John Fremantle was born on 22 January 1927, the son of John Walgrave Halford Fremantle, 4th Baron Cottesloe (1900–1994) and Lady Elizabeth Harris, daughter of James Edward Harris, 5th Earl of Malmesbury and Dorothy Gough-Calthorpe. Both his parents were descendants of American Loyalist members of the Dutch Schuyler and Van Cortlandt families of British North America.

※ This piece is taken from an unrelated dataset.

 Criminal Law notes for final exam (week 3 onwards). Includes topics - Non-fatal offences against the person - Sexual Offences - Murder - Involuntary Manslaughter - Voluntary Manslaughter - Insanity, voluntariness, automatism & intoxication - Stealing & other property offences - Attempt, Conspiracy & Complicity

Fremantle was educated at Summer Fields School and Eton College.

===Career===
He followed the family tradition set by his ancestor Admiral Thomas Fremantle and joined the Royal Navy in 1945. He commanded HMS Palliser between 1959 and 1961, retiring from the Navy in 1966 with the rank of Commander. He was High Sheriff of Buckinghamshire in 1969.

He inherited on the death of his father in 1994 the British peerage title Baron Cottesloe. He also inherited the Austrian noble title "Baron Fremantle", which was an authorized title in the United Kingdom for his lifetime by Warrant of 27 April 1932. He was Lord-Lieutenant of Buckinghamshire between 1984 and 1997.

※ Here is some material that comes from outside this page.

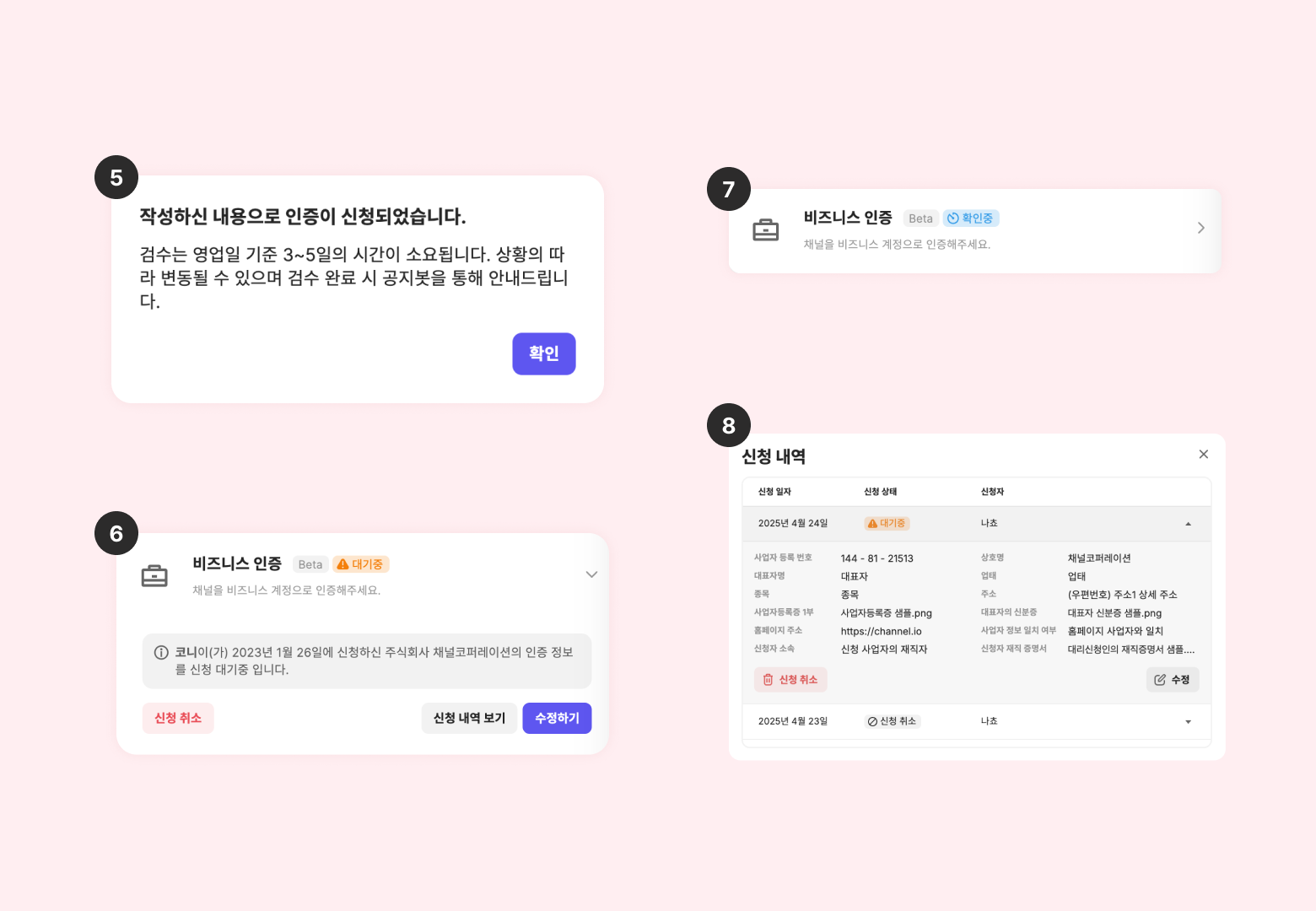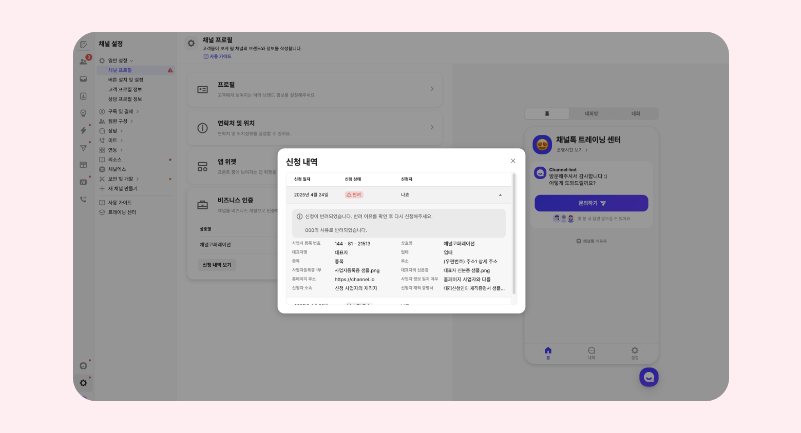 그 외 채널톡이 정한 비즈니스 인증 승인 기준에 미달되는 상황으로 판단 될 때

A justice of the peace for Buckinghamshire from 1984, he resided at Swanbourne, where he was commonly referred to as 'The Commander'.

===Personal life===
He married Elizabeth Ann Barker (1930-2013), daughter of Lt.-Colonel Henry Shelly Barker, on 26 April 1958. They had two daughters and one son:

- Hon. Elizabeth Wynne Fremantle (b. 15 February 1959)
- Hon. Frances Ann Fremantle (b. 7 June 1961)
- Thomas Henry Fremantle, 6th Baron Cottesloe (b. 17 March 1966)

He was the father-in-law of Iain Duncan Smith, who is married to his daughter, Elizabeth "Betsy" Fremantle, and they have four children.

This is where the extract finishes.